Philosophy of my method:
I assume the market only move in two directions either rising market or falling market. I do not take side trend as a directions as I want to simplified my idea to fit into my statistical model.

Most of the time, I set aside the fundamental factors and focus totally on the strategies that extract profit out of the currencies fluctuations.

The market move in a certain trading range each day.

From the facts above, I combine it and come out with my FX Decision model which is based on statistical data to predict a given the market will move in a given direction at a given moment.
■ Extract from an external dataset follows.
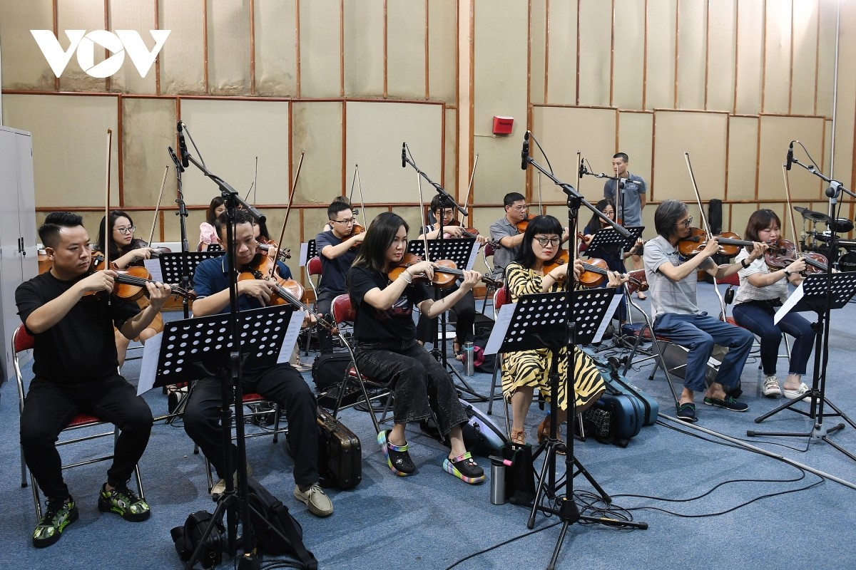 Các nghệ sĩ trong dàn nhạc VOV đang gấp rút tập luyện cho chương trình từ ngày 5/8. |

This is the basic ideas and foundation of my model.


Money Management:
Let’s now look at the money management system.

    1) Establish an Account Recording System:
    Most money management systems tell you that must have a record set aside for the sole purpose of trading in forex market and that this money should not be needed for any other purpose (like paying the rent, petrol, food, etc.). While having money set aside solely for the purpose of trading forex is a concept that I agree with, many forex investors don’t have the luxury of having money that they can set aside for trading forex only purposes. My advice to you is to find an amount that you can afford to lose that would still enable you to live the lifestyle you wish to live without stressing it. In other words, if losing $5,000 over the month will put you in a serious trouble, then find an amount that you could lose and still live your life without too much stress. Nobody is immune to being in the hole, no matter how good of a trader they are. Prior to starting a FX's service, I had traded my way through university my final 3 years. In the first two years, I was never seriously in the hole at any point in the year (I started one year with 5 straight winning weeks and the next year with 3 straight winning weeks) and had won 64% of my trades in forex those first two years. I never imagined that I could have a losing month let alone a losing year. That third year was different, however. I started the year with just one winning week in my first 10 weeks and had a record on my trades. I owed my roommate rent money and tuition was due for the next semester. I had to borrow money from my dad to bail me out (I remember him being pretty pissed off). Due to the many hours of research that I did and my consistent success on my trades in my first 2 years trading, I thought I was immune to losing and I was trading more lots per trade than I could afford, figuring each week was the week that I was going to rake in tones of profits. That year did turn around, as I went break-even. The point here is that I learned that even good traders can get in the hole. Therefore, it is important to know how much you can realistically afford to lose without getting yourself or your family in financial trouble. Once you have come up with that amount, you can consider that to be your maximum bankroll. For those of you that do have money that you can set aside to trade, pick an amount that you wish to invest knowing that it is possible to lose most of that amount. Now that you have established a bankroll, we can move on.

    2) Do not bet the farm:
    Once an Account is established, set a realistic expectations on the number of trades that you will make, here I suggested one trade each day. No matter what is the result, profitable trade or losing trade, accept it, as losing is part of trading. And STOP TRADING for that day. I feel better control in that sense. I met a lot of traders who burst their account within few hours or within an hour. How come this can happen? The attitude of human being which do not amid our own failure always think can make a come back by betting more lots and double up. When the first trade is wrong that means we need to figure it out what was going wrong and sit calmly to set for tomorrow trading.

    3) Do not hold a position long:
    I think the more time you spend in the market, the riskier you are. Once the target achieved , I always close my position and plan for the next round.